Posted: 18 May 2011 15:44
by renzlo
Thanks but it seems inaccurate. It should be 5 not 6.

Re: Count string occurrences

Posted: 18 May 2011 15:45
by Ed Dyreen
Can you solve it for me :?: No offence I am tired.

Gatte learn the language, it's not that hard use pause to debug

Re: Count string occurrences

Posted: 18 May 2011 15:54
by renzlo
Ed, thanks for the time, i really appreciate it. If only i knew what's the problem is, but im still a newbie. :(

Re: Count string occurrences in text file

Posted: 18 May 2011 15:58
by Ed Dyreen
Maybe delete isdefined += 1 somwhere

Re: Count string occurrences in text file

Posted: 18 May 2011 16:04
by Ed Dyreen

Code: Select all

@echo off &SetLocal EnableExtensions EnableDelayedExpansion

echo.SKIP>"TST1.TXT"
::
for /f "useback tokens=*" %%! in (

   "TST.TXT"

) do    echo.%%~! >>"TST1.TXT"

set "ReadLine="
::
set /a COUNT = 0
set /a MEM = !COUNT!
::
set /a SKIP = 1
::
:LOOP ()
::
if !COUNT! equ !MEM! echo.SKIP=!SKIP!_

for /f "useback skip=%SKIP% tokens=*" %%! in (

   "TST1.TXT"

) do (
   if defined ReadLine (
      ::
      echo.if /i ["!ReadLine:~0,4!"] == ["hand"]
      if /i ["!ReadLine:~0,4!"] == ["hand"] (
         ::
         set /a COUNT += 1
         echo.COUNT=!COUNT!_

         set "ReadLine=!ReadLine:~4!"
         echo.ReadLine2=!ReadLine!_

      ) else (
         set "ReadLine=!ReadLine:~1!"
         echo.ReadLine0=!ReadLine!_
      )

      if not defined ReadLine (
         ::
         set /a MEM = !COUNT!
         ::
         set /a SKIP += 1
      )

   ) else (
      set "ReadLine=%%~!"
      echo.ReadLine1=!ReadLine!_
      ::
      if /i ["!ReadLine:~0,4!"] == ["hand"] (
         ::
         set /a COUNT += 1
         echo.COUNT=!COUNT!_

         set "ReadLine=!ReadLine:~4!"
         echo.ReadLine2=!ReadLine!_
      )

      if not defined ReadLine (
         ::
         set /a MEM = !COUNT!
         ::
         set /a SKIP += 1
      )
   )
   ::
   goto :LOOP "()"
)
echo.COUNT=!COUNT!_
echo.end
pause
exit


the count is six

hand1 randomtext hand2 handhand
hand5 randomtext
hand6 randomtext

Re: Count string occurrences in text file

Posted: 18 May 2011 17:36
by renzlo
Thanks Ed. Im gonna test the above code when i get back home.

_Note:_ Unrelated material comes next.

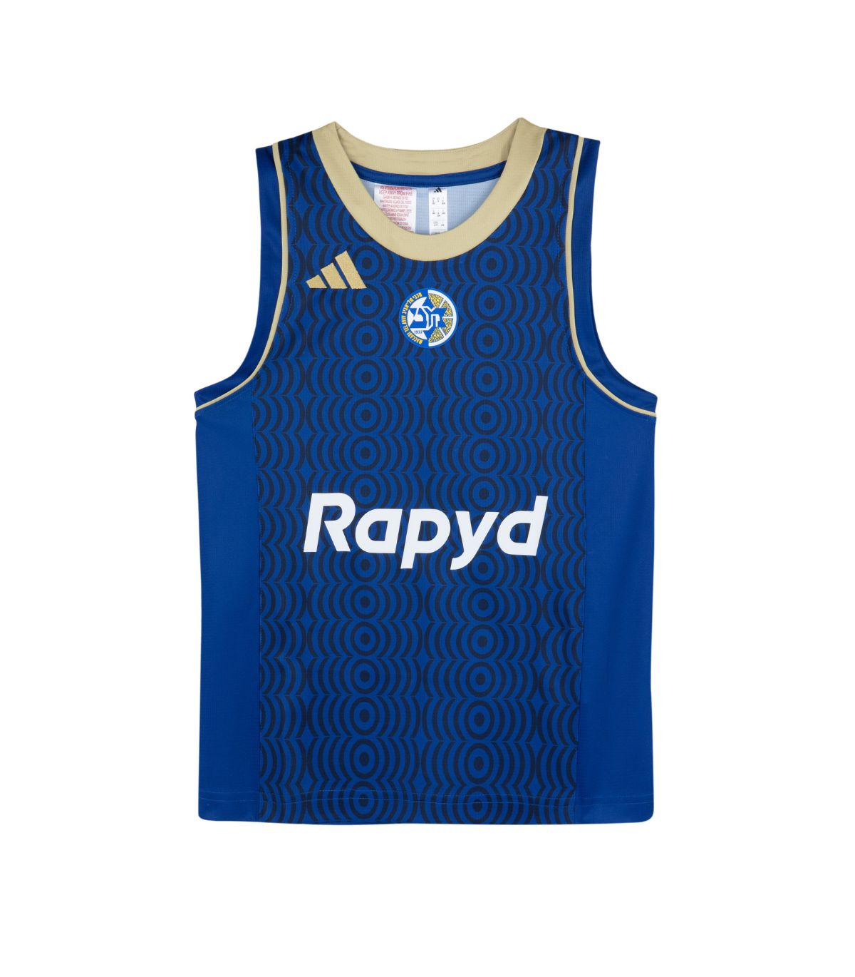 גופיית משחק חוץ רשמית מבד רפליקה ADIDAS כחולה לילדים של מועדון הכדורסל מכבי תל אביב לעונת 2025-26

Re: Count string occurrences in text file

Posted: 18 May 2011 19:13
by dbenham
If a case insensitive search is acceptable then the following is simpler and I presume significantly faster:

Code: Select all

@echo off
set "str= hand"
set file=hands.txt
set cnt=0
for /f ^"eol^=^

delims^=^" %%a in ('"findstr /i "/c:%str%" %file%"') do set "ln=%%a"&call :countStr

echo '%str%' appears %cnt% times in hands.txt (case insensitive)
exit /b

:countStr
  setlocal enableDelayedExpansion
  :loop
  set "ln2=!ln:*%str%=!"
  if "!ln2!" neq "!ln!" (
    set "ln=!ln2!"
    set /a "cnt+=1"
    goto :loop
  )
  endlocal & set cnt=%cnt%
exit /b

hands.txt

Code: Select all

  HAND randomtext handrandomtext
  handrandomtext
; hand randomtext
  hand randomtext
hand

results:

Code: Select all

' hand' appears 5 times in hands.txt (case insensitive)

I changed the search string to include a leading space and changed the text file to demonstrate issues with the FOR /F eol option. See the eol discussion embedded within Sorting tokens within a string for more info. Note that the last hand in hands.txt should not be counted because it is not preceded by a space.

I also changed the text file to include uppercase to demonstrate that the search is indeed case insensitive. FINDSTR is by default case sensitive, but the string substitution technique that I used can only be case insensitive.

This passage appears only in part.